[Aim of the task]
Go to the line with "近日获悉,我院留学生NEKRASOVA ARINA、IROSHNIKOV ILIA、BUTAKOV" in the records below, then output it and each following line exactly, up to and including the line with "Fig 2 – Microscopia". Skip pictures and add nothing.

[Records to use]

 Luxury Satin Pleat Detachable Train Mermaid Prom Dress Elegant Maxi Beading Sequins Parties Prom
==
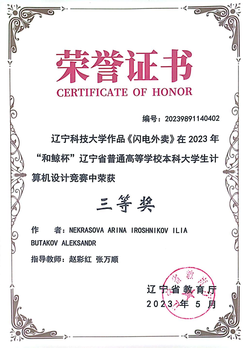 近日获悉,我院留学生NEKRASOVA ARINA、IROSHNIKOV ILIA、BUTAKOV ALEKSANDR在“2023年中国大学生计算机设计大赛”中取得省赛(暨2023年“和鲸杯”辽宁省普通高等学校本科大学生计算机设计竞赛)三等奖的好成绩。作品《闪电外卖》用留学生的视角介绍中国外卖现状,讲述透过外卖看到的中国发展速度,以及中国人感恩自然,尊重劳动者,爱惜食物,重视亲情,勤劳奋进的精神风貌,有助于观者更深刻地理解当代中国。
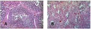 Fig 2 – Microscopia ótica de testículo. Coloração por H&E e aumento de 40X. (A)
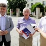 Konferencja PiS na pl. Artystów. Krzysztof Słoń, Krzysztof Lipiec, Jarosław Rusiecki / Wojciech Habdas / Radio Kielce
* * *
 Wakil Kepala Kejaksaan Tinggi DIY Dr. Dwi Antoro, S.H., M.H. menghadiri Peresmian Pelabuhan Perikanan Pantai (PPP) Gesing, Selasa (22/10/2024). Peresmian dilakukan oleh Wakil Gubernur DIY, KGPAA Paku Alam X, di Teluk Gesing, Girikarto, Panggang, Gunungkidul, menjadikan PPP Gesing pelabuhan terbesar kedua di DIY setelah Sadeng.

[Your response]
 近日获悉,我院留学生NEKRASOVA ARINA、IROSHNIKOV ILIA、BUTAKOV ALEKSANDR在“2023年中国大学生计算机设计大赛”中取得省赛(暨2023年“和鲸杯”辽宁省普通高等学校本科大学生计算机设计竞赛)三等奖的好成绩。作品《闪电外卖》用留学生的视角介绍中国外卖现状,讲述透过外卖看到的中国发展速度,以及中国人感恩自然,尊重劳动者,爱惜食物,重视亲情,勤劳奋进的精神风貌,有助于观者更深刻地理解当代中国。
 Fig 2 – Microscopia ótica de testículo. Coloração por H&E e aumento de 40X. (A)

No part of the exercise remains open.